陳到は、ちらりと息子たちを振り返り、そうして訪ねた。
「おまえたちも、いまからそんなカチコチでどうする。
たまには家に帰って、家族に囲まれてゆっくりしたいとか思わんのか」
するとふたりのうち、少年のほうはあきらかにしょんぼりし、兄に当たる青年のほうが、怒りもあらわに返答した。
「わたしたちの家は麋家です。しかし父上のおられぬあの家に戻っても意味がございません」
「なんだ、継子いじめにでも遭っているのか」
「叔父上がいらっしゃいますので」
と、弟がぼそりとつぶやくのを、兄がきびしくたしなめる。
「これ、余計なことを言うな!」
「それじゃあ、麋家じゃなくて、昔の家に戻ればよいではないか。
『壷中』にあるのだろう、おまえたちの家は」
陳到はさりげなく、しかし目の奥ではするどく、息子たちの反応をうかがった。
しかし、かれらは幼さの抜けきらぬ顔をきょとんとさせて、鸚鵡返しにしてくる。
「コチュウ?」
「それはどちらの土地なのでしょう。わたしどもは河内《かだい》の出自です」
「おう、そうであったか、だれかと間違えてしまったようだ、ゆるせ」
応じつつ、陳到は、内心で
『これはちがうであろうな』
と、見当をつけた。
このとぼけっぷりが、実は演技だとしたら、兄弟揃って、とんでもない曲者ということになる。
孔明の三つ目の書状には、こうあった。
麋竺に、わが君への裏切りの疑惑あり。
麋家に気付かれないように、その真意を探れ。
また、麋家の者の中に、『壷中』という村の出身者がいないか、あるいはその村のことを知らないかどうかを、これも気付かれないように探れ。

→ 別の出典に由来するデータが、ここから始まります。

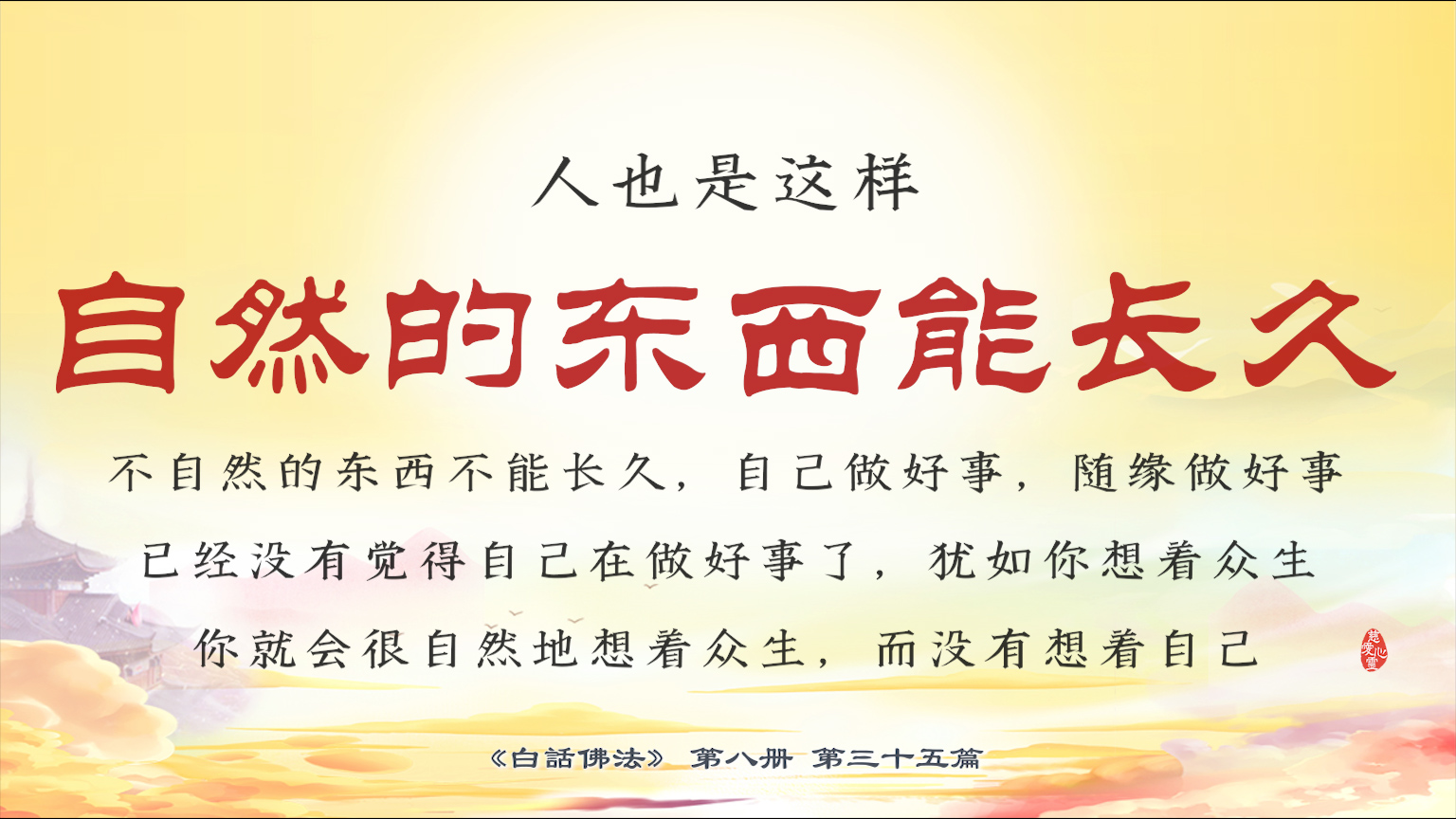 不限会员 8-35-11人也是这样,自然的东西能长久,不自然的东西不能长久,自己做好事,随缘做好事,已经没有觉得自己在做好事了,犹如你想着众生,你就会很自然地想着众生,而没有想着自己。【图】

もし関係がないにしても、かれらから見張りを絶やさぬこと。
あの麋竺にかぎって、まさかと、書状を読んだ陳到は思った。
この書状が、麋竺ではなく、その弟の麋芳のことを探れ、という内容であったなら、どこかで納得したであろう。
だが、麋竺については、まさか、であった。
新野じゅうの人間に、
「だれからも好かれる人間はだれか?」
と問えば、最初に出てくるのは、劉備ではなく麋竺の名前であろう。
それほどに、人々から慕われている。
どちらかといえば、血の気の多い新野の面々が、七年間、流血沙汰を一度もおこさずに、民衆ともよい関係をつくってこられたのは、麋竺の細やかな気遣いがあったからだ。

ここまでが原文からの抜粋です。